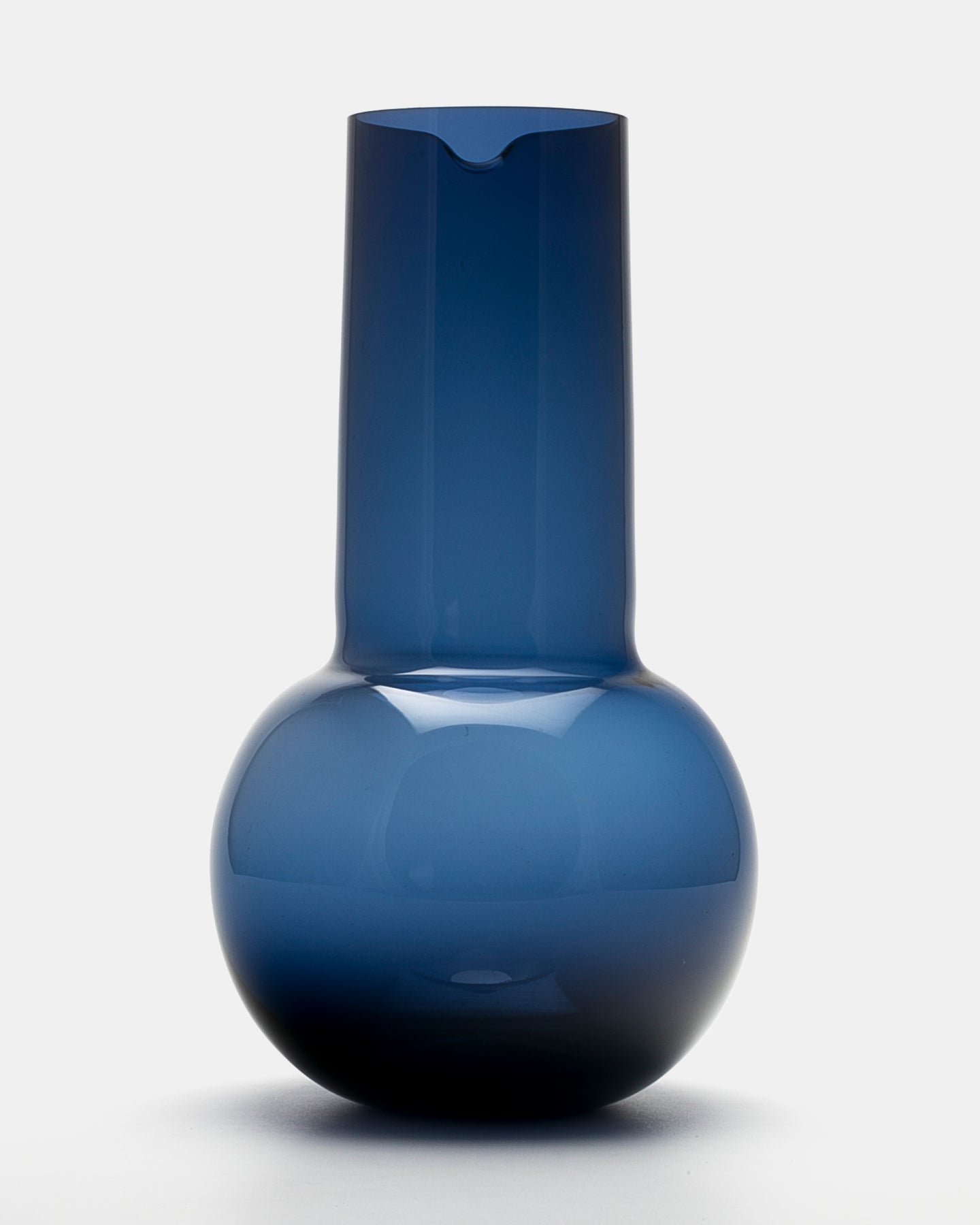 型吹き(廻し吹き)によって成形されており、サイズやガラスの厚み、注ぎ口のかたちなどに個体差が見られます。
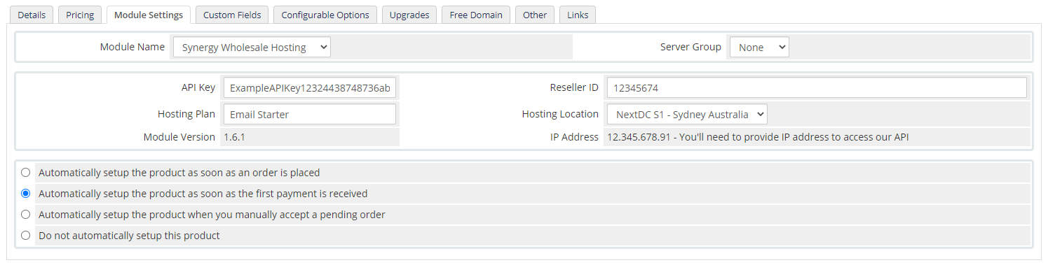 - Automatically setup the product as soon as the first payment is received — Perform the setup as soon as the customer pays for the order.
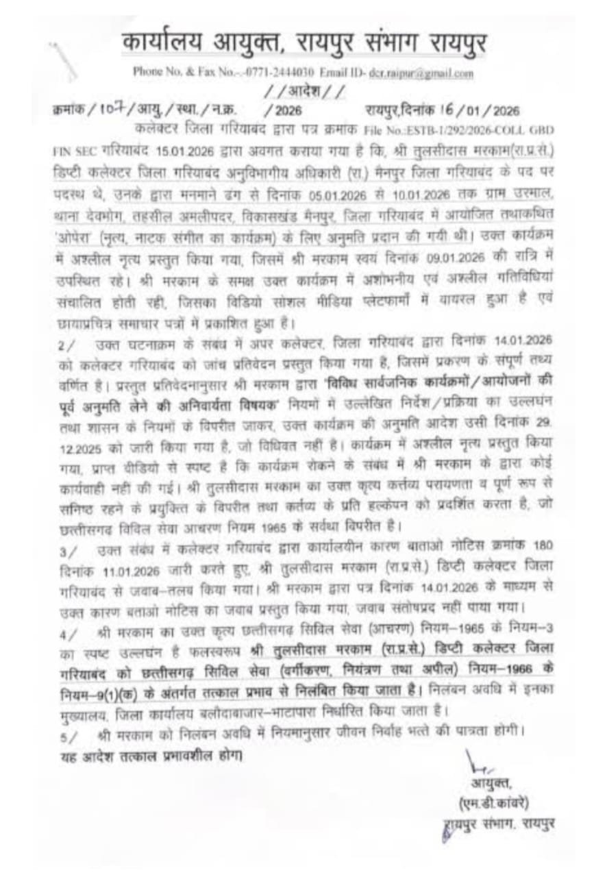 गरियाबंद जिले के मैनपुर विकासखंड के ग्राम उरमाल में 5 से 9 जनवरी 2026 तक नृत्य-नाटक-संगीत कार्यक्रम आयोजित किया गया था। इस कार्यक्रम की अनुमति तत्कालीन एसडीएम मैनपुर तुलसीदास मरकाम ने दी थी। एसडीएम को अश्लील डांस की जब जानकारी मिली तो वह पहुंचे लेकिन, अश्लील डांस रुकवाने की बजाय डांस का आनंद लेने लगे और रुपये भी लुटाए।
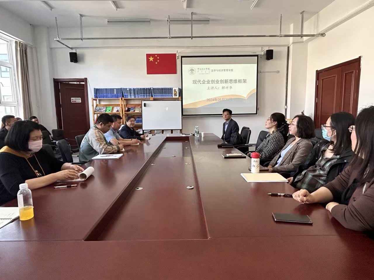为进一步贯彻落实大学生创新创业教育工作,全面落实“将创新创业教育贯穿人才培养全过程”要求,搭建学生与专家的交流平台,5月24日下午,pp电子游戏平台官网特邀内蒙古财经大学解祥华教授,在崇文楼A308会议室举办专题讲座,学院党总支书记李静,院长刘启云,相关教师及学生参加讲座。
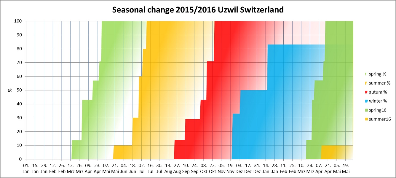 Seasons im my region (SIMR) at the end of April 2016: We have 100% spring and already 10% summer in my region because of an early thunderstorm on April 11th! This graphics shows the linear sequence of the seasons in my region.
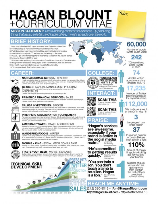 Не так давно появилась новая мода — при приеме на работу не ограничиваться простым перечислением достижений на белых листах формата А4. Все началось с того, что некий Хаган Блаут (Hagan Blaut) искал работу и составил вот такое информативное и неформальное резюме. Он выложил его в Facebook и Twitter и попросил всех друзей разослать резюме во все места, где оно могло бы заинтересовать потенциальных работодателей. За месяц в результате ретвитов и перепостов резюме собрало более 100 тысяч просмотров. Таким образом, на Хагана свалилось большое количество предложений о работе. Его история стала знаковой в мире финансов и менеджмента. Теперь он занимается тем, что помогает создавать людям необычные резюме, которые на 100% «выстрелят». И таких историй с креативными резюме сейчас немало. Предлагаем вашему вниманию самые яркие работы.

--*--

■ **THE PROBLEM**: Write out an exact copy of the listing, first line through the line containing "Seasons im my", with the pictures left out.

■ **TASK ANSWER**:
 型吹き(廻し吹き)によって成形されており、サイズやガラスの厚み、注ぎ口のかたちなどに個体差が見られます。
 - Automatically setup the product as soon as the first payment is received — Perform the setup as soon as the customer pays for the order.
 गरियाबंद जिले के मैनपुर विकासखंड के ग्राम उरमाल में 5 से 9 जनवरी 2026 तक नृत्य-नाटक-संगीत कार्यक्रम आयोजित किया गया था। इस कार्यक्रम की अनुमति तत्कालीन एसडीएम मैनपुर तुलसीदास मरकाम ने दी थी। एसडीएम को अश्लील डांस की जब जानकारी मिली तो वह पहुंचे लेकिन, अश्लील डांस रुकवाने की बजाय डांस का आनंद लेने लगे और रुपये भी लुटाए।
为进一步贯彻落实大学生创新创业教育工作,全面落实“将创新创业教育贯穿人才培养全过程”要求,搭建学生与专家的交流平台,5月24日下午,pp电子游戏平台官网特邀内蒙古财经大学解祥华教授,在崇文楼A308会议室举办专题讲座,学院党总支书记李静,院长刘启云,相关教师及学生参加讲座。
 Seasons im my region (SIMR) at the end of April 2016: We have 100% spring and already 10% summer in my region because of an early thunderstorm on April 11th! This graphics shows the linear sequence of the seasons in my region.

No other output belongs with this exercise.